The follow-up time was measured from the recruitment date to the first diagnosis of any form of cognitive impairment or dementia, lost to follow-up, death, or end of the current follow-up, whichever came first. Our research team adopted Cox proportional hazards models to evaluate the hazard ratio (HR) and 95% confidence interval (CI) for the incident cognitive impairment and dementia related to single air pollutants and the APS. Other potential confounders, including age (continuous), sex (male, female), ethnicity (white, non-white), SBP (continuous), BMI (kg/m2, continuous), employment status (yes, no), physical activity (MET, continuous), education background (≤ 7 years, 8 ~ 10 years, 11 ~ 15 years, and ≥ 16 years), income bracket (<£18,000, £18,000~£52,000, £52,000~£100,000, and >£100,000), alcohol consumption status (never, previous, and current), tobacco consumption status (never, previous, and current), hypertension history (yes, no), diabetes history (yes, no), and CVD history (yes, no) were adjusted in those models that mentioned above.

Several sensitivity analyses were also performed to test the robustness of our outcomes. First, in order to reduce the impact of the missed diagnosis at the baseline visit on the effectiveness of analysis as much as possible, researchers excluded those cases which reported the cognitive impairment diagnosis in the first 2 years of follow-up. Second, an analysis of participants who have lived in the current address for at least 5 years was also conducted by the research team to estimate the long-term effect of air pollution exposure on cognitive impairment.

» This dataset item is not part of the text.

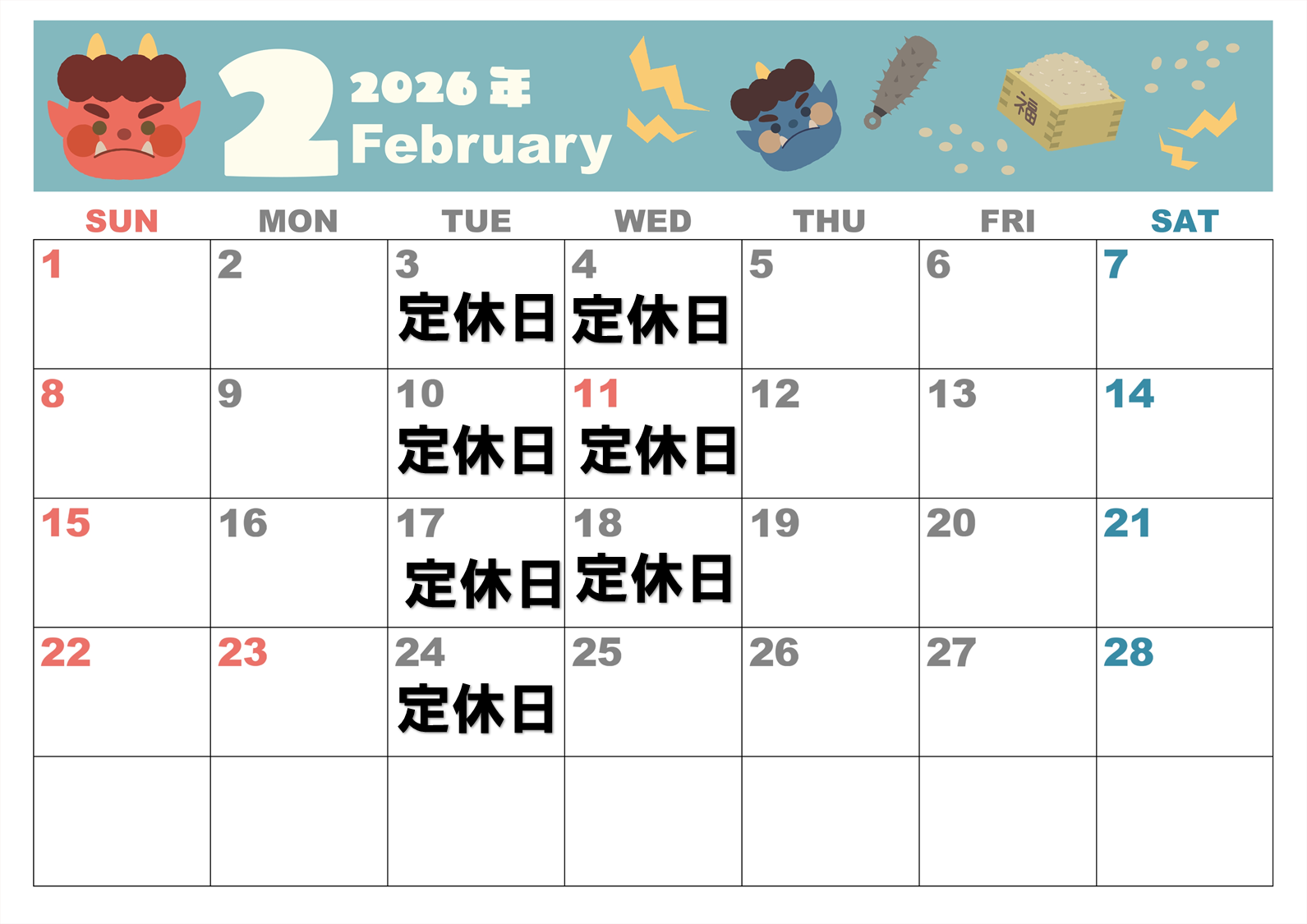 ■店舗休日

Finally, researchers brought other mixed covariates, for example, age, sex, ethnicity, and so on, into consideration to minimize their potential influences during the follow-up.

Besides, given that not all participants diagnosed with cognitive impairment or dementia were necessarily attributed to air pollution exposure, our research team adopted Levin’s formula [34] to estimate the proportion of patients that could be prevented if the risk factor was eliminated. In the current study, the HRs were used as the risk ratios (RRs) for the calculation [35].

$$ Population\ Attributable\ Fraction \left(PAF\right)=\fracP_e\times \left(RR_e-1\right)\left[P_e\times \left(RR_e-1\right)+1\right]$$

Where Pe was the representation of risk factor prevalence and RRe was the relative risk because of the factor, comparing the incidence of cognitive decline in the exposed and unexposed groups. However, participants may not only face a single risk factor. As a result, it was important to calculate the weighted PAF adjusted for the correlation to further account for the existence of multiple risk factors [36]. The formula [37] was shown as follows, where communality was the sum of the square of all factor loadings and the w was 1 minus communality.

$$ Weighted\ PAF=1-\prod \left[1-\left(w\times PAF\right)\right]$$

Meanwhile, the restricted cubic spline analysis was also used to examine whether there was a dose-response relationship between single air pollutants or the APS with the incidence of cognitive impairment and dementia. We additionally conducted the stratified analysis on potential confounders to further explore the possible relevance of the genetic predisposition, sociodemographic characteristics, lifestyle, and prevalent disease with air pollution-induced cognitive impairment.

All statistical analyses were performed with SAS software. All P-values were based on the two-sided test, and P-values < 0.05 were considered statistically significant. The figures in the current article were generated with R software, GraphPad Prism software (version 9.4.1), and Adobe Illustrator software.